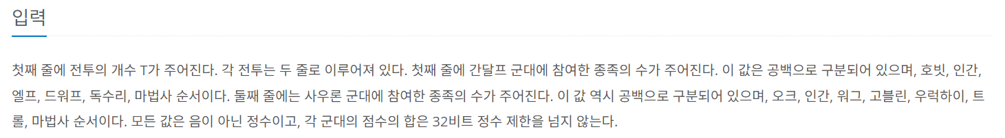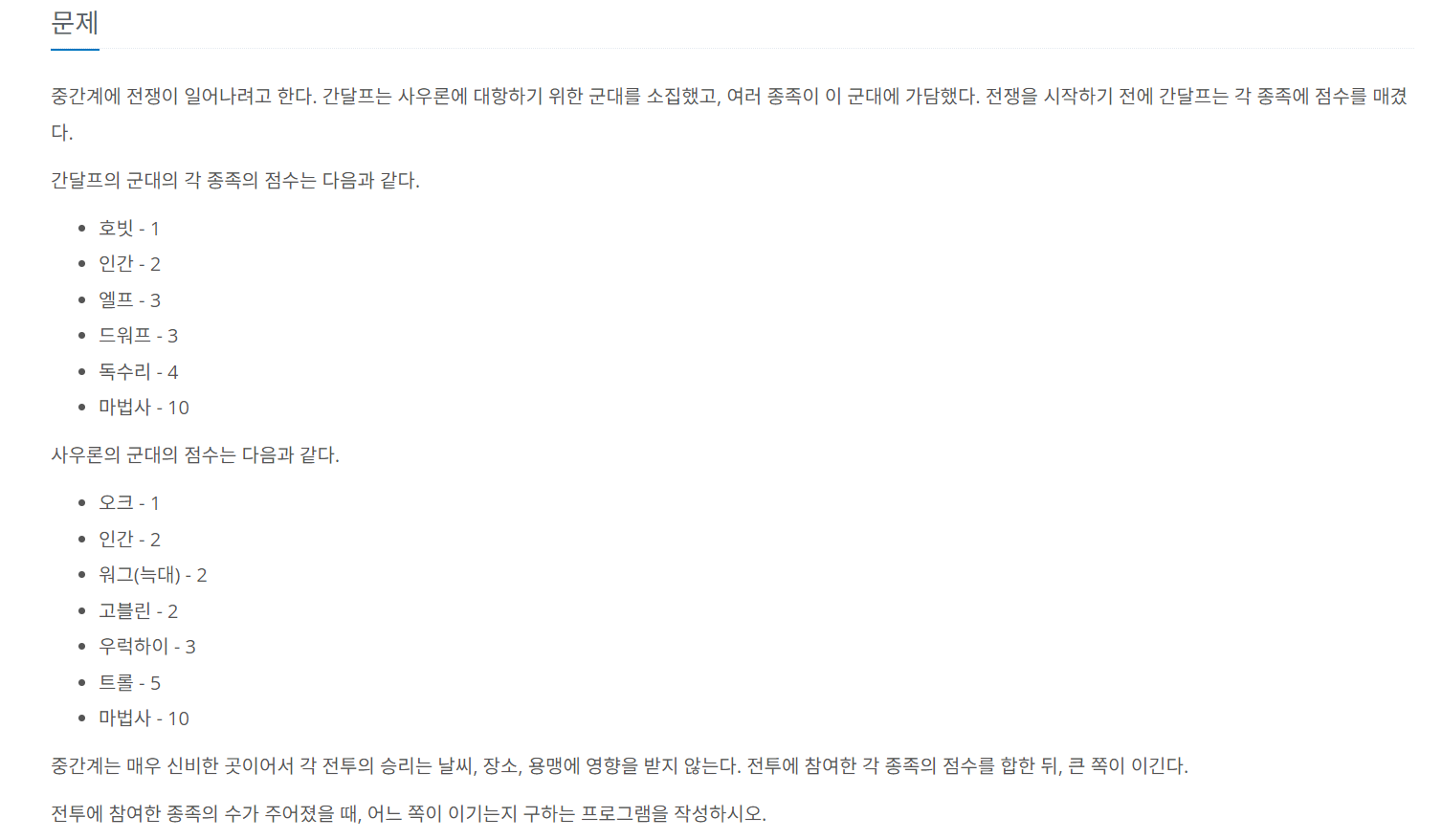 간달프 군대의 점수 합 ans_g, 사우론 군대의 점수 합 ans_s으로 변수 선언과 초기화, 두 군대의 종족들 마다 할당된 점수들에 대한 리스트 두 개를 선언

-=-=-=-=-

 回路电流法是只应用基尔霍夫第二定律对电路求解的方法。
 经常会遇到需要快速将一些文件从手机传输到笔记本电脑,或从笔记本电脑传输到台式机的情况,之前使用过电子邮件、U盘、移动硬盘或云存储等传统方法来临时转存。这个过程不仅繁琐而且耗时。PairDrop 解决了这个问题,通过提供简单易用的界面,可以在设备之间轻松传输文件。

-=-=-=-=-

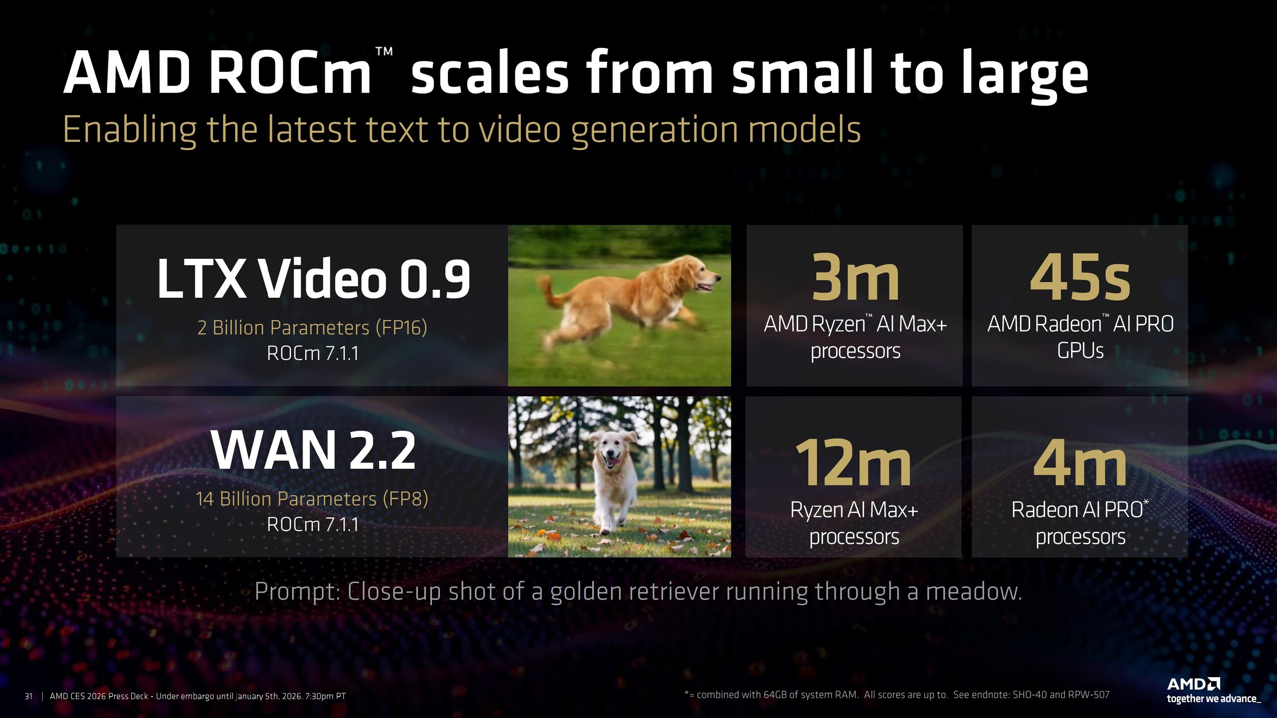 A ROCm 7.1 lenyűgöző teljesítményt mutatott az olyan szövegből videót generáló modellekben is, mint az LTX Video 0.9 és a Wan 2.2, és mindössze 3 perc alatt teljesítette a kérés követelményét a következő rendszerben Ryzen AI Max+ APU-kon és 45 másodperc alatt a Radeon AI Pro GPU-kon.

-=-=-=-=-

## WHAT THE TASK ASKS
Your task for the entries above: copy exactly the span starting with the line with "回路电流法是只应用基尔霍夫第二定律对电路求解的方法。" and going on through the line with "经常会遇到需要快速将一些文件", both lines included, and nothing else.

## RESPONSE TO THE EXERCISE
 回路电流法是只应用基尔霍夫第二定律对电路求解的方法。
 经常会遇到需要快速将一些文件从手机传输到笔记本电脑,或从笔记本电脑传输到台式机的情况,之前使用过电子邮件、U盘、移动硬盘或云存储等传统方法来临时转存。这个过程不仅繁琐而且耗时。PairDrop 解决了这个问题,通过提供简单易用的界面,可以在设备之间轻松传输文件。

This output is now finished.